The question was: how did you wrap up an untimely death nicely? Was there a nice way to do such a thing? I wasn't even sure I could say anything else without breaking down, and that wasn't something I was prepared to do in front of all these people. It wasn't even pride, just years of being trained to hold my head up high and keep a stiff upper lip. Perhaps that's why I've ended up the way I am - utterly fucked up. Pausing for a moment, trying to gather the strength together to thank everyone for coming, a beam of light caught my eye and made me blink. As my gaze turned towards the end of the church, near the entrance, I noticed that someone had cracked open the door a couple of inches, but then the light was extinguished. They'd probably realised they were late to the party and decided to wait for the buffet and copious amounts of alcohol that would be coming their way soon. There had to be some incentive to come to a funeral, right? Okay, wind it up Matthews. Let's get these poor folks out of here.
'I'm sorry I don't have anything more eloquent to say on the matter, but I still can't believe she's gone. I keep thinking that this is all going to be
a horrible dream and that I'll wake up in a moment. Thank you so much for coming everyone, and I hope…'
The heavy oak door opened once again, but this time it was flung open wide and the light almost blinded me. Everyone turned around to see who on earth would make such an entrance at a funeral, and there were more than a few gasps as the lone comer stepped into the light. Vincent was already on his feet, making a beeline towards me, his arm shooting out to restrain me, but it was too late. I was already running down the aisle as if I was an athlete competing in the one hundred-metre dash, and I had only one goal in mind. The man in front of me had killed my wife, and I was going to tear him apart. I would rend each and every limb from his body, and to hell with whoever was watching. They'd better be prepared for a blood bath.
Chapter Two - Mark
'Mr Matthews. Mr Matthews.' I didn't know who was calling my name, but they were disturbing my fist smashing into Michael Redcliff's face and I wished they would just shut up. Then it felt like I was shaking all over and I wondered if Redcliff had managed to get a punch in somewhere nasty. What the hell was going on?

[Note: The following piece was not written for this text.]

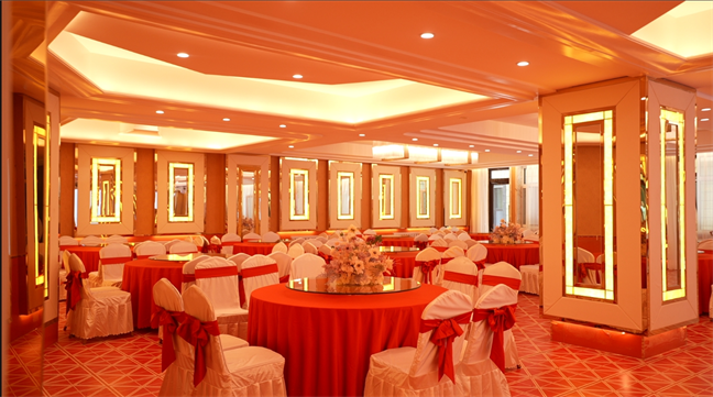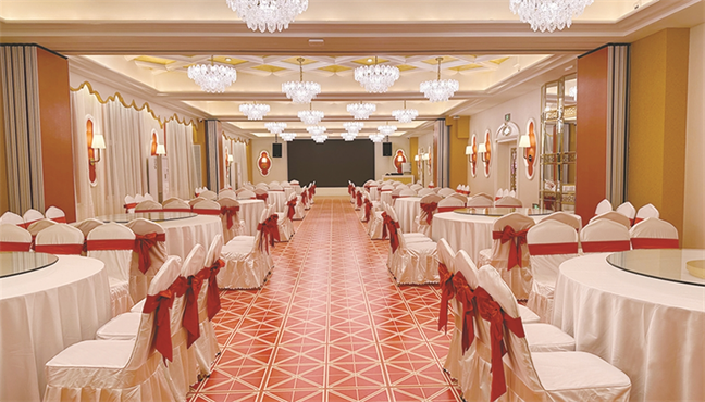 太陽廳—面積323㎡,兼做早餐廳,可供 140人同時(shí)用餐;午晚時(shí)段,可改做宴會(huì)廳使用, 能夠承接16桌以下的宴席。
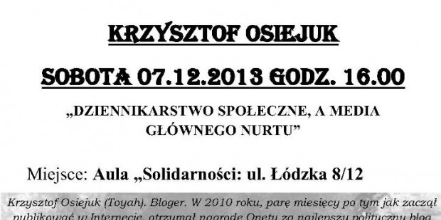 Częstochowa – spotkanie z Krzysztofem Osiejukiem pt. „Dziennikarstwo społeczne, a media głównego nurtu”, 7 grudnia, g. 16 Częstochowa – spotkanie z Krzysztofem Osiejukiem pt. „Dziennikarstwo społeczne, a media głównego nurtu”, 7 grudnia, g. 16, Aula „Solidarności” ul. Łódzka 8/12. gru 2, 2013 Kluby GP Częstochowa Tagged Częstochowa, Krzysztof Osiejuk Wstecz Zjazd Klubów „Gazety Polskiej” z regionu Pomorza. Dalej Myślenice – spotkanie ze Sławomirem Kmiecikiem, 5 grudnia, g. 19

'Mr Matthews, can you hear me?' There was more shaking, and Michael's face kept going in and out of focus. What the fuck was wrong with me? I could usually go a couple of rounds without passing out. These last few days must have really taken their toll on me.
'Wake up, Mr Matthews. It's nurse Johnson. I wouldn't disturb you unless it was important, but I'm afraid it is.'
My eyes blinked open. I sucked in a great big ball of air and found nurse Johnson directly in front of my face. The hospital. I was at the hospital. Jennifer wasn't dead, was she? Oh God, please tell me Jennifer isn't dead.
I scrambled upright, shooting up from my chair and nearly head-butted the nurse in the process.